■ Assignment: Starting from the line containing "2022年9月7日,一艘遠洋輪船從江蘇連雲港港駛出(無人機照片)。", give again every line through the end of the entries, word for word. Pictures stay out of the copy.

(Stored items from a collection)
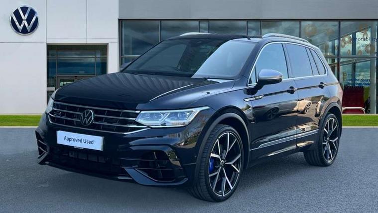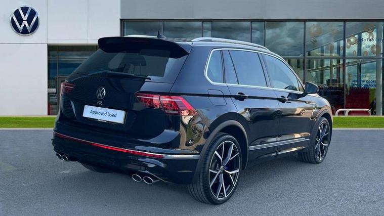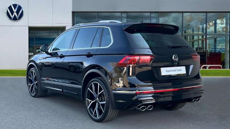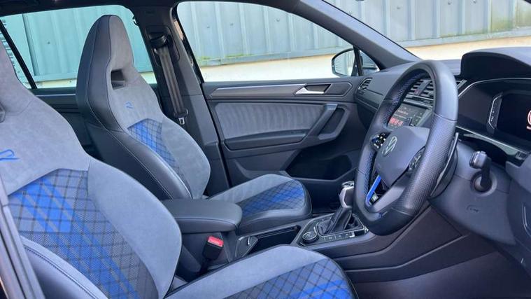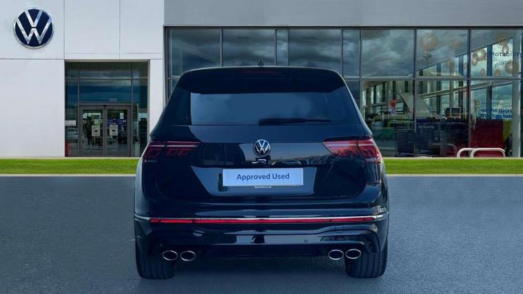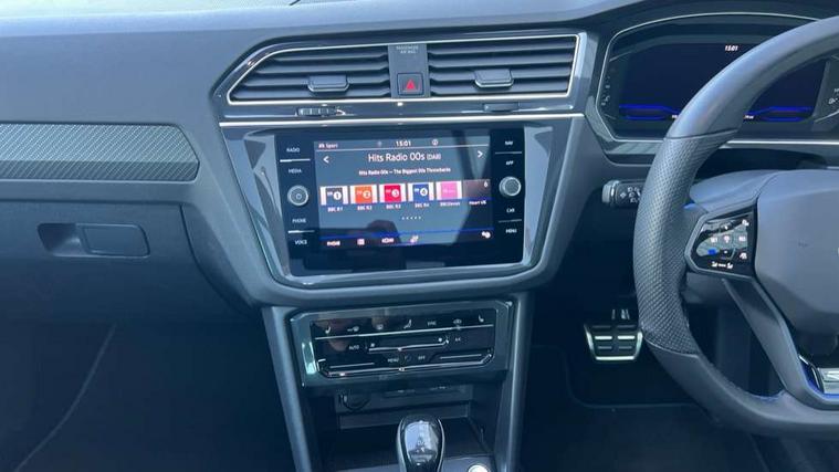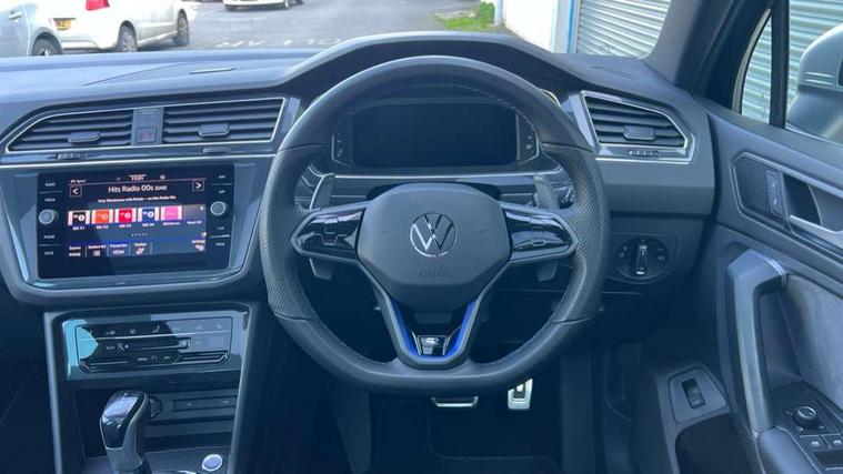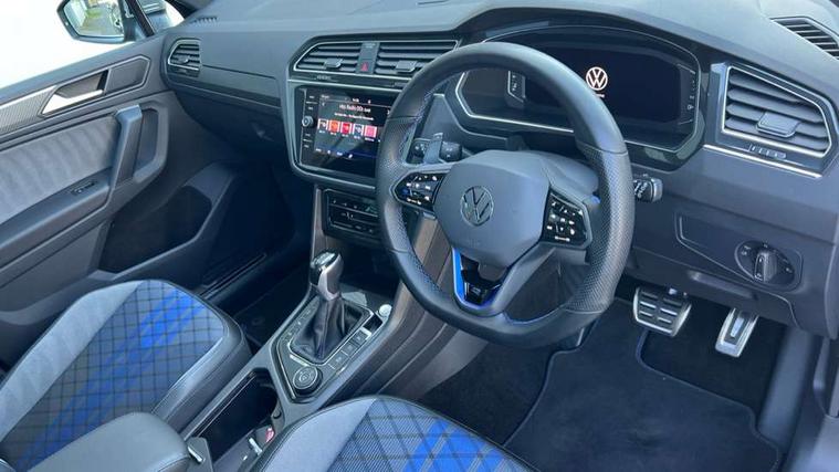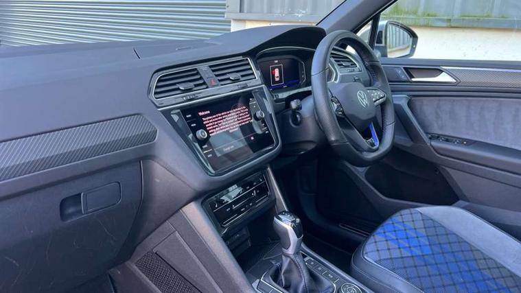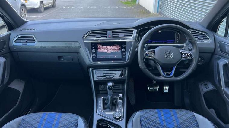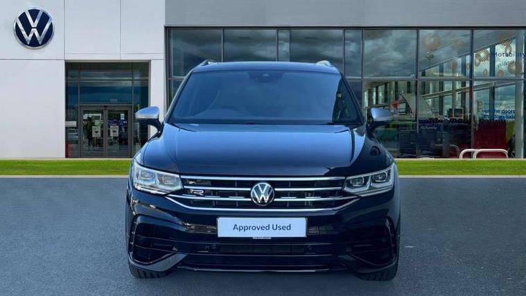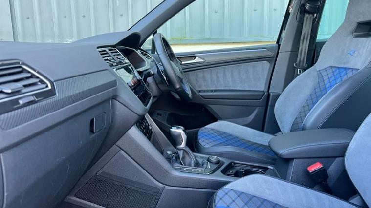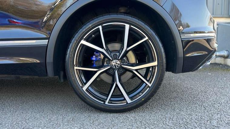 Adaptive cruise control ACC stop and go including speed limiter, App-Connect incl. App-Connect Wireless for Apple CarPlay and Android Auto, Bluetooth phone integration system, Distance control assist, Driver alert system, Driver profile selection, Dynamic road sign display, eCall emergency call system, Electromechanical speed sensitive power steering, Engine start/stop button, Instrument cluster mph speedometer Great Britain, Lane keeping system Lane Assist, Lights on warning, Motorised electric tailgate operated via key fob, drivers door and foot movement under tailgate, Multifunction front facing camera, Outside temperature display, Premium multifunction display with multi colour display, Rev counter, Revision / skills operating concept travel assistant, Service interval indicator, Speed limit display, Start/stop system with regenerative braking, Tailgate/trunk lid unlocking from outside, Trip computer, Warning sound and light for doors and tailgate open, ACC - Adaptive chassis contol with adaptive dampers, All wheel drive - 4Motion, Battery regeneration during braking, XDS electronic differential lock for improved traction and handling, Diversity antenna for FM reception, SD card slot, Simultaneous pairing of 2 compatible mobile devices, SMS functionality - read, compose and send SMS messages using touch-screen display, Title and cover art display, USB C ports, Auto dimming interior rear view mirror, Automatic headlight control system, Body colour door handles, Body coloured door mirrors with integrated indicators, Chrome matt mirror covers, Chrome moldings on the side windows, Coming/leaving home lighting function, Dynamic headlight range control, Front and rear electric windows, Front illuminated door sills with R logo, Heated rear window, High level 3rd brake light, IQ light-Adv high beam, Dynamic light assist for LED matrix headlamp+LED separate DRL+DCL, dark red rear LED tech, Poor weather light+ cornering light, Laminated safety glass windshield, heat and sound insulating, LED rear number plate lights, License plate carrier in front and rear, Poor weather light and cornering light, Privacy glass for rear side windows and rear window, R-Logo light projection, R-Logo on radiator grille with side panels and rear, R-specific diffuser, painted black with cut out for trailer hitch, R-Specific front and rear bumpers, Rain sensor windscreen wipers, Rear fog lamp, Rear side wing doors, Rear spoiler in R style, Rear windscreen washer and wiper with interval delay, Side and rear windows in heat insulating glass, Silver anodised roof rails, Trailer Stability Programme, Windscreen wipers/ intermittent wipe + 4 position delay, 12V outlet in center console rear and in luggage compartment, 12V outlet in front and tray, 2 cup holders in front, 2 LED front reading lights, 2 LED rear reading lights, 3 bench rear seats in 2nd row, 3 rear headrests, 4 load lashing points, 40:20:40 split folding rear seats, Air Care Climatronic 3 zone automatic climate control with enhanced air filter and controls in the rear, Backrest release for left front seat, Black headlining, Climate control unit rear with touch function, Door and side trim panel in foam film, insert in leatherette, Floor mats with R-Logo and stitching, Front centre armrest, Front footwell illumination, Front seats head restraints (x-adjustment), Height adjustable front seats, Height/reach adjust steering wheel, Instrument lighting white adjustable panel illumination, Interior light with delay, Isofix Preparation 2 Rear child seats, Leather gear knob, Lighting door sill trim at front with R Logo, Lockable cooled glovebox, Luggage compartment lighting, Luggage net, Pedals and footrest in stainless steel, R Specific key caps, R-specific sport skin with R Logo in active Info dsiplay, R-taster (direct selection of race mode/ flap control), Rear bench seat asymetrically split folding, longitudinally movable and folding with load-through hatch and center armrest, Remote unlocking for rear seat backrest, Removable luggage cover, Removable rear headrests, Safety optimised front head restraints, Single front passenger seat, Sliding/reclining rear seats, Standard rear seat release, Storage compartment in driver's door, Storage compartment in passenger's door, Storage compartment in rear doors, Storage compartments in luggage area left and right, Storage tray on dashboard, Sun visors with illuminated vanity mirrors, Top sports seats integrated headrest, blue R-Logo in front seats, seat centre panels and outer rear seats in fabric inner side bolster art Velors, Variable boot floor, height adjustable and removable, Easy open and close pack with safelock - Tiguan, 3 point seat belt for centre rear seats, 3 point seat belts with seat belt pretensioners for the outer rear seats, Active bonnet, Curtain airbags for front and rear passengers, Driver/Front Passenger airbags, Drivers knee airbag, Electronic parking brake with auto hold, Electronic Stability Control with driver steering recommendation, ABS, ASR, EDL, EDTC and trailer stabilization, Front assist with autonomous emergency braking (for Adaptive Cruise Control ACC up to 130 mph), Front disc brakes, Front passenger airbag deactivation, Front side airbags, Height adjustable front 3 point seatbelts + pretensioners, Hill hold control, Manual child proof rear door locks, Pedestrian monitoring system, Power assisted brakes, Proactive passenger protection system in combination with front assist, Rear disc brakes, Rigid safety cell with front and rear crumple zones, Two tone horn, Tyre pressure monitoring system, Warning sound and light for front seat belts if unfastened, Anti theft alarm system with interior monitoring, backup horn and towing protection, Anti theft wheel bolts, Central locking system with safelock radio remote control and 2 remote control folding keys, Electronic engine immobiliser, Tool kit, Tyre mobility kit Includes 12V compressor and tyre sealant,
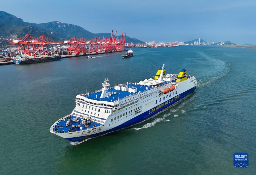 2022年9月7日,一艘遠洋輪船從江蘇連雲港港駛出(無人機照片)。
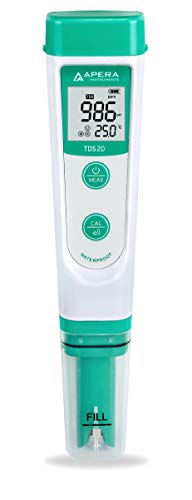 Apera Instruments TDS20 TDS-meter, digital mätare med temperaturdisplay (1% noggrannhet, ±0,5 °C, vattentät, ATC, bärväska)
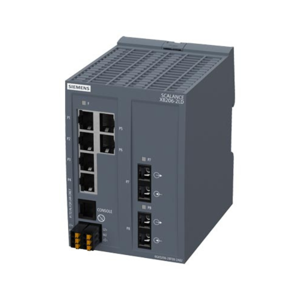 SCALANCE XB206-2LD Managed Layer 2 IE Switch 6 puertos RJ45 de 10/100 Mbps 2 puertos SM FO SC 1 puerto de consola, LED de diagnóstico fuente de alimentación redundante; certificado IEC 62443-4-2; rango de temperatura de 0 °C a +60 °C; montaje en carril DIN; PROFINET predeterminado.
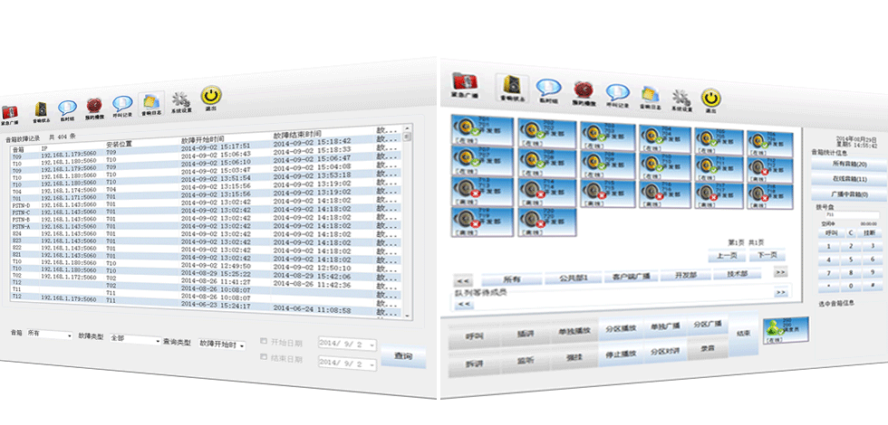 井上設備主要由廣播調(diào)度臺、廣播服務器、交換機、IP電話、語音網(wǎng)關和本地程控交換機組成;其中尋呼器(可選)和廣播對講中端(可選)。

■ Solution for this problem:
 2022年9月7日,一艘遠洋輪船從江蘇連雲港港駛出(無人機照片)。
 Apera Instruments TDS20 TDS-meter, digital mätare med temperaturdisplay (1% noggrannhet, ±0,5 °C, vattentät, ATC, bärväska)
 SCALANCE XB206-2LD Managed Layer 2 IE Switch 6 puertos RJ45 de 10/100 Mbps 2 puertos SM FO SC 1 puerto de consola, LED de diagnóstico fuente de alimentación redundante; certificado IEC 62443-4-2; rango de temperatura de 0 °C a +60 °C; montaje en carril DIN; PROFINET predeterminado.
 井上設備主要由廣播調(diào)度臺、廣播服務器、交換機、IP電話、語音網(wǎng)關和本地程控交換機組成;其中尋呼器(可選)和廣播對講中端(可選)。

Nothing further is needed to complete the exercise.